Maybe a REALLY nice HS828, like this one? https://hudsonvalley.craigslist.org/grd/d/honda-hs828-snowblower-snow/6731313162.html

Or an HS724: https://newjersey.craigslist.org/grd/d/honda-hs724-snowblower-snow/6730700543.html

Or: https://newjersey.craigslist.org/for/d/honda-hs724-snow-blower-track/6723335556.html

Or if you REALLY want an HS55: https://hartford.craigslist.org/grd/d/hs-55-honda-snowblower/6723222615.html


----------



## lucyred62 (Oct 26, 2018)

orangputeh said:


> well , buy next summer when prices are cheap. the old 50's and 55's are 34-35 years old and a lot of parts are obsolete. i would get 624 or 724.in the summer.
> 
> there are other good cheaper choices....ariens, toro, etc. do your homework and use the search function here as this question is asked at least once a day. ..."which blower should i buy?"


Thanks for the advice. Yeah, I think I will wait if I can't find anything right now. I can see now from peoples responses that this guy is charging too much money. I have looked into a few other models.
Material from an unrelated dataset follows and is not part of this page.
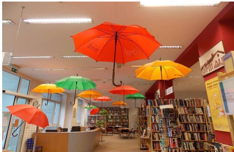
Slika 7: Prigodno ukrašena Središnji odjel knjižnice povodom MHK 2016.

Mjesec hrvatske knjige velika je manifestacija tijekom koje se u knjižnicama diljem cijele Hrvatske posvećuje posebna pažnja knjizi i čitanju, a održava se u drugoj polovici godine, od 15. listopada do 15. studenog. „Knjižnice grada Zagreba, na zamolbu Ministarstva kulture Republike Hrvatske, u svibnju 1995. godine preuzimaju organizaciju manifestacije Mjesec hrvatske knjige.“ 30 Kroz raznolike programe knjižnica se trudi lokalno uključiti i svoje korisnike i ostale građane. Cilj ove državne manifestacije je istaknuti iznimnu važnost knjige, ali i knjižnica kao mjesta javnog i slobodnog pristupa koja se sve više približavaju građanima. 31 Gradska knjižnica Velika Gorica tijekom Mjeseca hrvatske knjige intenzivno radi na promicanju i poticanju na čitanje u obliku različitih književnih susreta, tribina, predavanja i izložbi. „Mjesec hrvatske knjige također je razdoblje u kojem smo intenzivnije prisutni u medijima i kada se češće obraćamo našim korisnicima i ostalim sugrađanima kako bi oni upoznali svoju knjižnicu ne samo kao mjesto posudbe knjiga, nego i kao mjesto zanimljivih susreta, kao mjesto na kojemu mogu učiti i stjecati nove spoznaje, upoznati zanimljive domaće autore i doći do različitih korisnih informacija.“ 32 Mjesec hrvatske knjige prilika je i da se obilježe važne obljetnice rođenja i smrti naših velikana hrvatske, ali i svjetske književnosti.

There are a few good ones out there. I guess I will keep all of my options opened.


----------



## lucyred62 (Oct 26, 2018)

tabora said:


> Maybe a REALLY nice HS828, like this one? https://hudsonvalley.craigslist.org/grd/d/honda-hs828-snowblower-snow/6731313162.html
> 
> Or an HS724: https://newjersey.craigslist.org/grd/d/honda-hs724-snowblower-snow/6730700543.html
> 
> ...


Thank you so much for finding those for me. I contacted a few, so we shall see. Thanks again!


----------



## orangputeh (Nov 24, 2016)

lucyred62 said:


> Thanks for the advice. Yeah, I think I will wait if I can't find anything right now. I can see now from peoples responses that this guy is charging too much money. I have looked into a few other models. There are a few good ones out there. I guess I will keep all of my options opened.
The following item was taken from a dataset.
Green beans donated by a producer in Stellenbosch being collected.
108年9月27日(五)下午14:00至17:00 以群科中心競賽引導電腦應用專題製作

well he may be charging a lot but he may get it this time of year. if he has patience he WILL get his price when it is snowing.


----------



## Hwatt (Apr 26, 2020)

My question about the Honda HS50 Track edition are they worth it to repair or replace? The one I use runs good but I kind of want to squeeze a few more years out of it.


----------



## orangputeh (Nov 24, 2016)

Hwatt said:


> My question about the Honda HS50 Track edition are they worth it to repair or replace? The one I use runs good but I kind of want to squeeze a few more years out of it.
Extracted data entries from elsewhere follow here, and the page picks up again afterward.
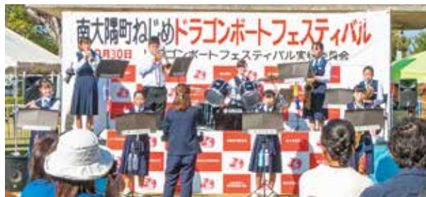
根占中学校音楽部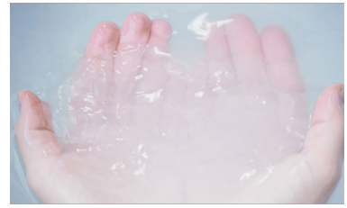
酸素のお湯で身体のぼかぼかが続き、お肌のしっとりも長続き バスルーム:酸素美泡湯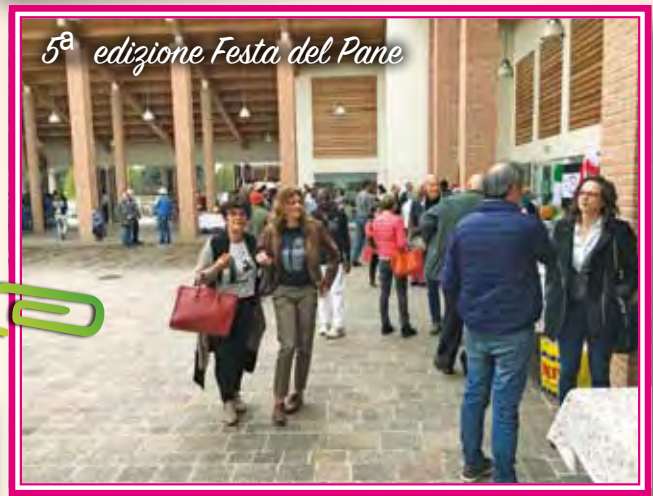
5ª edizione Festa del Pane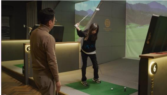
"KBS2 TV 일일" <사랑의 파배기-더스윙블랙>

사전에 브랜드 소구포인트를 주조연의 매장방문, 제품 사용, 식음등을 통해 대본에 반영하여 자연스럽게 노출

I love the old HS50. But if it breaks it may be all done. Some parts are NLA ( no longer available ) and if a part breaks in the final drive gearbox your blower will end up being a lawn ornament. You may find some of these parts on Ebay but they cost as much as the machine is worth.

I have 5 HS 50's for parts to help other people with repairs. However 4 of them do not drive because of a bad gearbox. The only thing I can recommend is to not suck up anything hard in augers and risk breaking something. Also I do all the repairs myself on these old Honda's. The 2 Honda dealers around here won't even touch the HS50's anymore because of parts availability.

Do you have any pictures? Here is mine. Had to transfer the engine and handlebars from one machine to a good drive chassis. Like I said the parts for the final drive are NLA and even if they were the time would not be worth it. The pic is on the other laptop.


----------